攻略対象の1人『ラングルフ』は、フェリシアンヌの元婚約者で、ハイリッシュの実弟でもある。ゲーム通り進むなら、兄の恋人で元ヒロインに、淡い初恋を抱く。卒業した直後に兄が恋人と結婚、公爵家を継ぐ。家に帰りたくない彼は、心の隙間を埋めてくれた新ヒロインに、惹かれていく。
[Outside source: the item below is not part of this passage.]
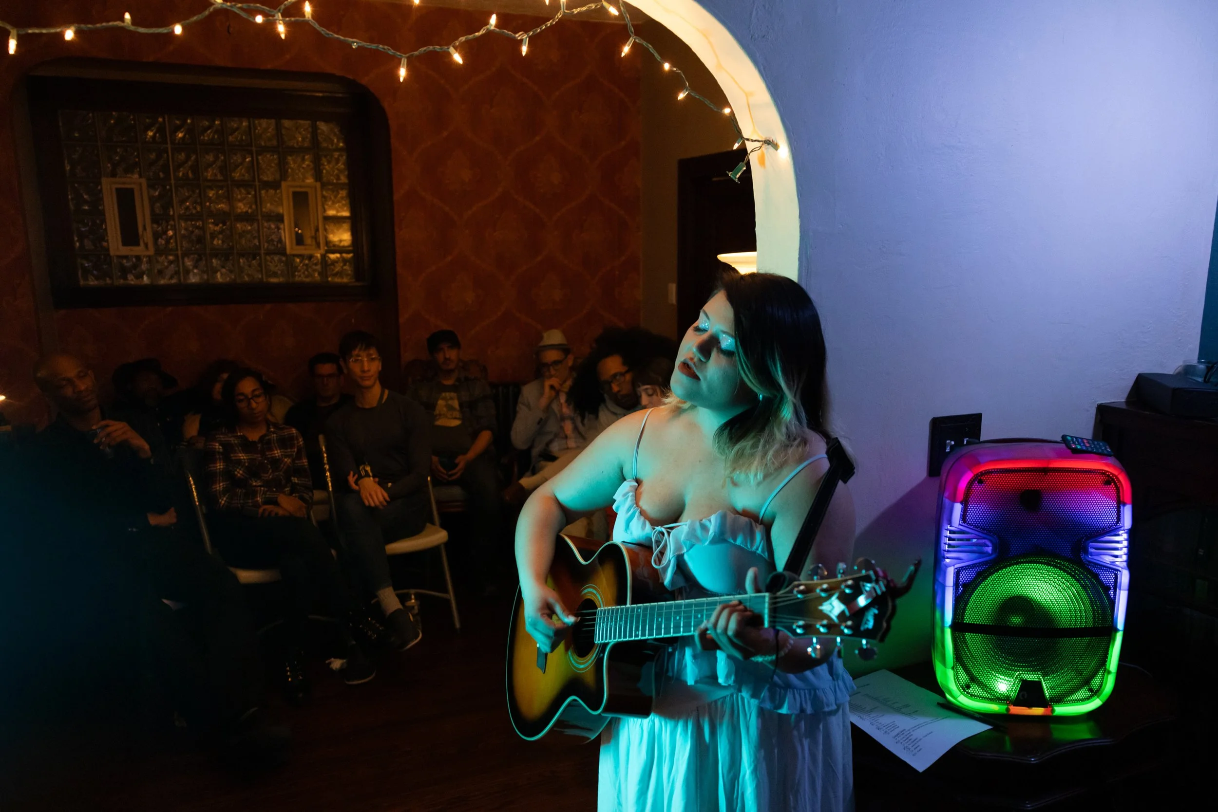 This Literary Evening is an immersive experience that blends elements of a traditional literary salon with the allure and intimacy of a speakeasy. Poets will perform their work in a theatrical and engaging manner in a dimly lit and elegantly decorated secret location. Guests will watch the main performances and then, if desired, can reserve time for a more personal experience with designated performers one-on-one. The event also features different performers each time such as live musicians, burlesque performers, flow artists, fire dancers and tarot readers. The 1 on 1 experiences vary from show to show as well depending on the featured artists.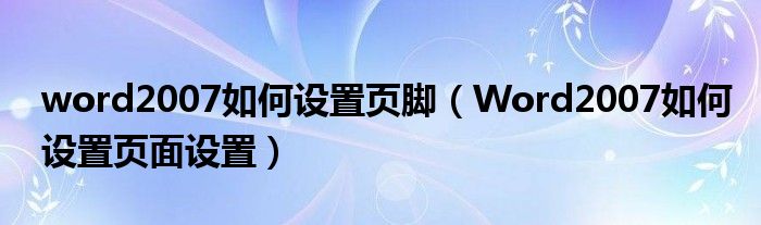 word2007如何设置页脚(Word2007如何设置页面设置)

しかし、現実はフェリシアンヌを慕い、兄同様にアレンシアを許せず、寧ろ彼女を忌み嫌っていた。父親の代わりに母親が当主となり、彼も次期後継者に決まって、目まぐるしいほど忙しいと聞く。


元々次男の彼は、次期当主の勉強をしておらず、遅れた分を取り戻そうと、猛勉強中だったが、おバカな兄とは違って、理解するのも速かった。当然ながら王立学園から帰宅後、当主としての勉強に勤しみ、テレンシアに接触する暇もないだろう。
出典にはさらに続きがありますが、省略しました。